Restricted cubic spline models for the relationship between dietary total antioxidant capacity with all-cause (top) and CVD (bottom) mortality. (A) CKD 1–2 stage, VCEAC and all-cause mortality. (B) CKD 3–5 stage, VCEAC and all-cause mortality (C) CKD 1–2 stage, CDAI and all-cause mortality. (D) CKD 3–5 stage, CDAI and all-cause mortality (E) CKD 1–2 stage, VCEAC and CVD mortality. (F) CKD 3–5 stage, VCEAC and CVD mortality. (G) CKD 1–2 stage, CDAI and CVD mortality. (H) CKD 3–5 stage, CDAI and CVD mortality. Adjusted for age, sex, ethnicity, income, education level, potassium intake, protein intake, carbohydrate intake, dietary fiber intake, total fat intake, alcohol intake, total energy intake via the residual method, smoking, MET-PA, diabetes, hypertension, CVD and cancer, urine albumin, eGFR, and BMI. The first quartile of VCEAC/CDAI was used as reference as it yields a hazard ratio of 0. The first and last knots were placed at the 0.01 quantile and 0.99 quantile of DTAC. Shading indicates the 95% confidence interval.
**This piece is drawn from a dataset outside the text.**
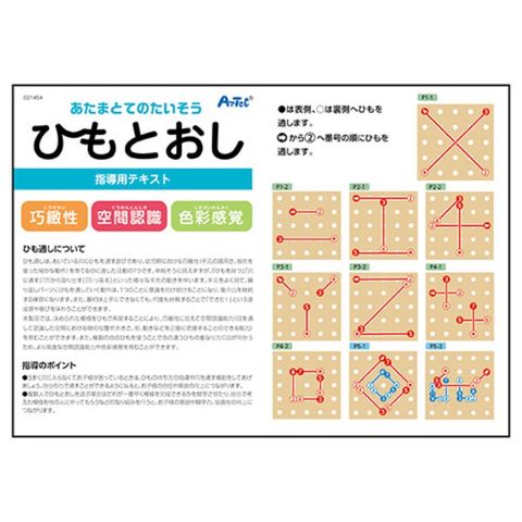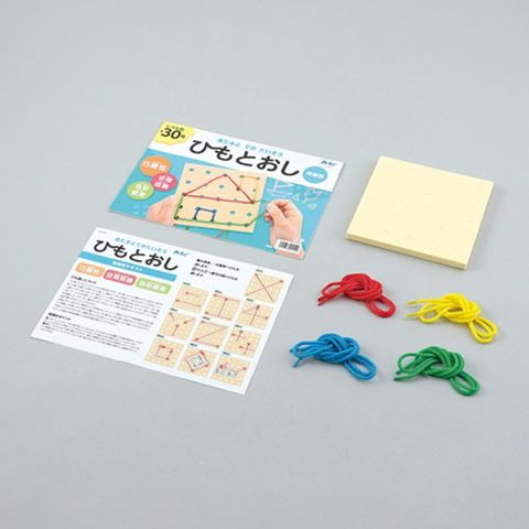 ●セット内容 : ひもとおし用ボード×1、ひも×4(4色 : 赤・青・黄・緑)、問題集×1、説明書兼指導者用テキスト×1

Subgroup and sensitivity analyses

We performed stratified analyses by the patients’ characteristics (Figure 3) and found that every 5-unit increase in CDAI or 100-unit increase in VCEAC was associated with an increased risk of all-cause mortality or CVD mortality. In the VCEAC cohort, stratified analysis was not found to be statistically significant for all-cause mortality risk. However, male individuals with higher DTAC levels had a lower risk of CVD mortality than female (0.95 [95% CI, 0.90–1.00] versus (1.01 [95% CI, 0.97–1.06]; p for interaction = .013). There was a trend toward lower CVD mortality risk (p for interaction=.062) in the CKD stages 1–2 group, but the all-cause and CVD mortality risks increased incrementally with worsening CKD (p for interaction = .096). In the CDAI cohort subgroup analysis, individuals with a history of cardiovascular disease had higher hazard ratios of all-cause mortality than those without (1.00 [95% CI, 0.96–1.05] versus (0.97 [95% CI, 0.93–1.01]; p for interaction = .012).We also found that individuals with urinary albumin had marginally higher all-cause mortality than those with no urinary albumin (p = .004), but no significant differences in CVD mortality risk were found. Our sensitivity analyses (Supplementary Table 3) confirmed our results. After excluding participants with mild CKD (1–2 stage), DTAC was still associated with an increased HR for all-cause mortality and CVD mortality.

Figure 3.

Figure 3.

Subgroup analyses of multi-variable adjusted association of VCEAC or CDAI with all-cause (top) and CVD (bottom) mortality in the NHANES (2007–2018), stratified by selected patients’ characteristics. (A) VCEAC and CDAI with all-cause mortality. (B) VCEAC and CDAI with CVD mortality. Abbreviations: HRs: hazard ratios; CI: confidence intervals; CVD: cardiovascular disease; CDAI: Component Dietary Antioxidant Index; VCEAC: Vitamin C Equivalent Antioxidant Capacity. Adjusted for ethnicity, income, and education level, smoking status, potassium intake, protein intake, alcohol intake, total dietary fat intake, carbohydrate intake, and total energy intake was adjusted via the residual method, BMI, MET-PA, with exception of stratifying factors.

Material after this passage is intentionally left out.